Honiton lace is the most famous of all English hand-made bobbin laces and represents a textile art requiring great skill. It evolved from a combination of Flemish and English lace-making skills in Honiton, Devon. Clothes had become in the 1600s, an immediately recognisable symbol demonstrating wealth and defining a wearer's status. The evolution of lace as a fashion fabric ensured demand by both men and women for exclusive high quality pieces that commanded exorbitant prices. Fortunes were squandered and estates were mortgaged to acquire it. Such was the importance of lace, that during Queen Anne's reign (1702-1714), Honiton lace became an article of currency used to finance the Jacobite rebellion.
Lace was an essential part of a lady's attire and was often given as a present. Since the early 1600s, Honiton lace has enjoyed the patronage of many members of the Royal family. Queen Adelaide had a wedding dress specially made of Honiton lace to encourage home industry. The children and grandchildren of Queen Elizabeth have been christened in a Honiton lace christening gown.
The hand-made lace industry suffered a rapid decline in the 1800s as cheap machine made lace flooded the world market. Honiton bobbin lace varied greatly in quality in the 1800s. The use of diamond net as a bonnet veil makes this an unusual accessory and an important comparative piece for other Honiton lace accessories.
Bonnet veil made by an unknown maker in Honiton, Devon, England between 1830 and 1840.
Honiton bobbin lace sectional on machine net (diamond).
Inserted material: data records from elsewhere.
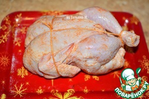 Цыпленка перетянуть жаропрочной нитью, фиксируя ножки и крылья.
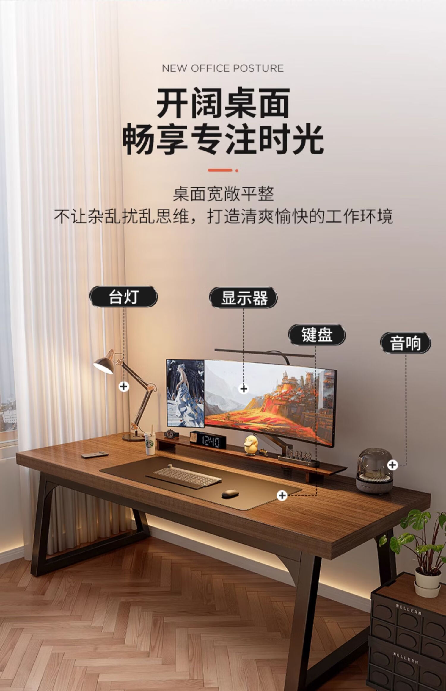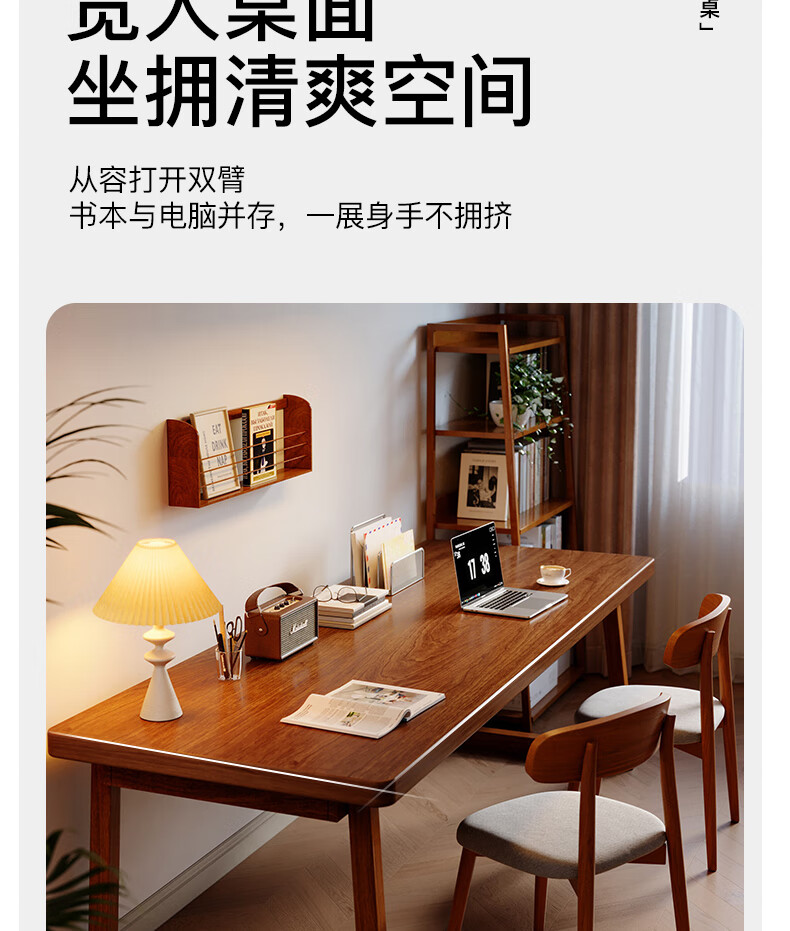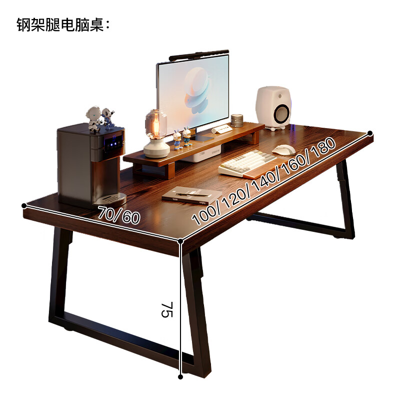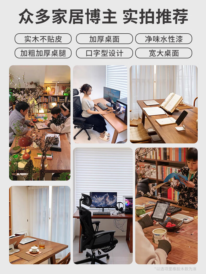 Lin Zhiyu solid wood desk home bedroom wall double computer table long study table modern simple office desk workbench rubber wood legs walnut color 100*60*75-single table
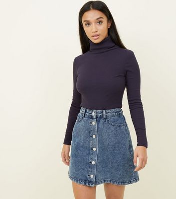 Petite Blue Acid Wash Button Front petite long denim skirts
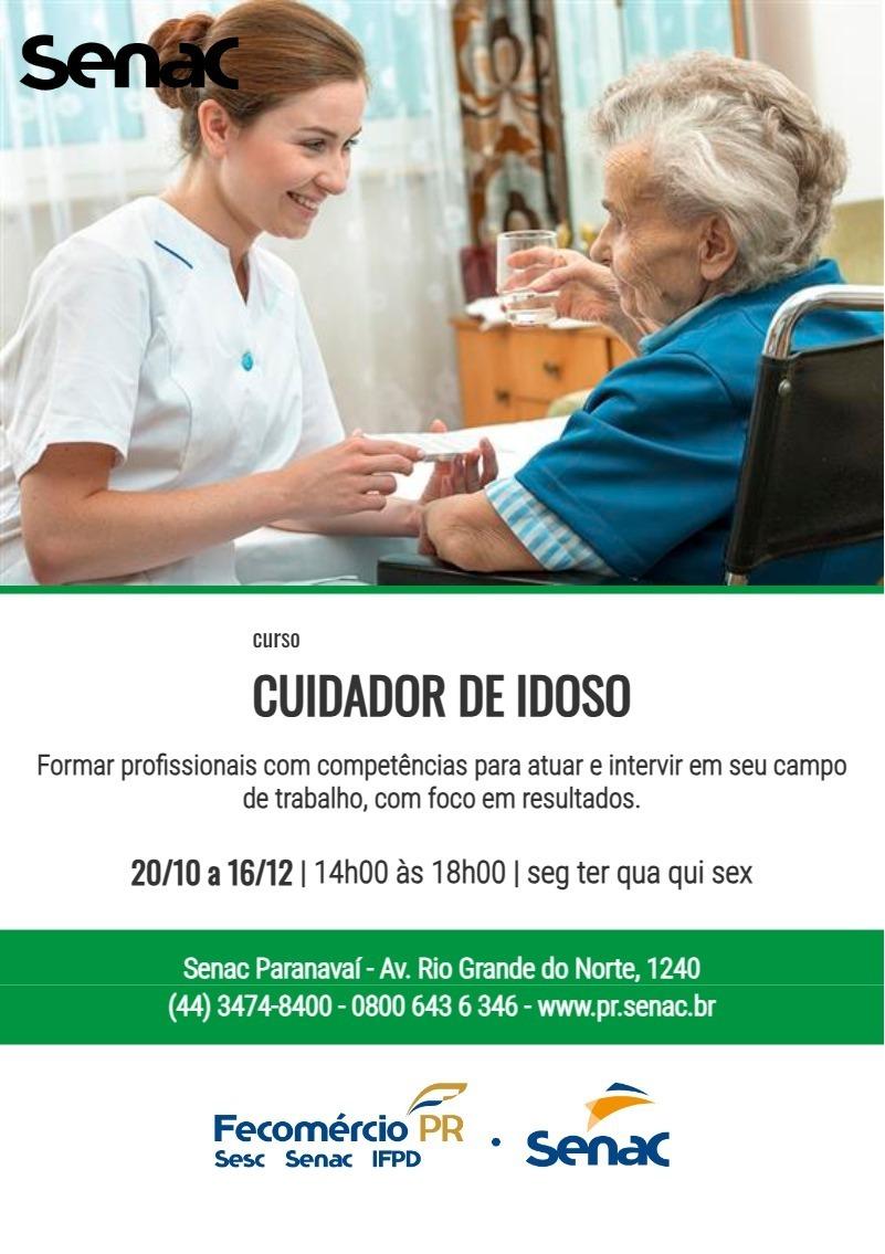 O Senac Paranavaí está com inscrições abertas para o curso gratuito de cuidador de idosos. Com vagas limitadas, a qualificação é uma oportunidade para quem busca uma nova área para ingressar no mercado de trabalho e deseja se qualificar profissionalmente.

The edges of the border are machine-made diamond net that has fine twists on the side. The edge of lace is ornamented on one side and plain on the other. To the plain edge is lightly attached a strip of lace called engrelure, or footing.
Honiton hand-made bobbin lace is the best known name in English lace and takes its name from Honiton in Devon, England. Lace has been made there for over 400 years. It is likely the lace-making skill was influenced by Flemish lace-makers. Honiton was a textile town and had in place an infrastructure suited to out-workers. With trading links to London, Honiton lace quickly became popular amongst wealthy men and women. Honiton lace varied in quality from expensive as the thread used was very fine and pattern-making was time-consuming to unrecognisable lumps affectionately referred to as slugs, snails, bullock's hearts, elephant rumps and frying pans.
Good quality Honiton lace was used to decorate clothing of the nobility and the rich. Lace was made into collars, shawls, handkerchieves, bonnets and flounces. The large pieces of lace were designed by an artist and comprise lots of small sprigs. The individual sprigs were made by different home workers and assembled by a specialist. Designs are based on animals and other natural motifs with the most popular motifs in Honiton, the shamrock, rose and thistle.
From the middle of the 19th century, Honiton made a lace called guipure, with bars instead of net joining the sprigs together.
Queen Adelaide had a wedding dress specially made of Honiton lace as did Queen Victoria, Queen Alexandria and Queen Mary. Queen Elizabeth has a Honiton christening robe which has been worn by her children and grandchildren.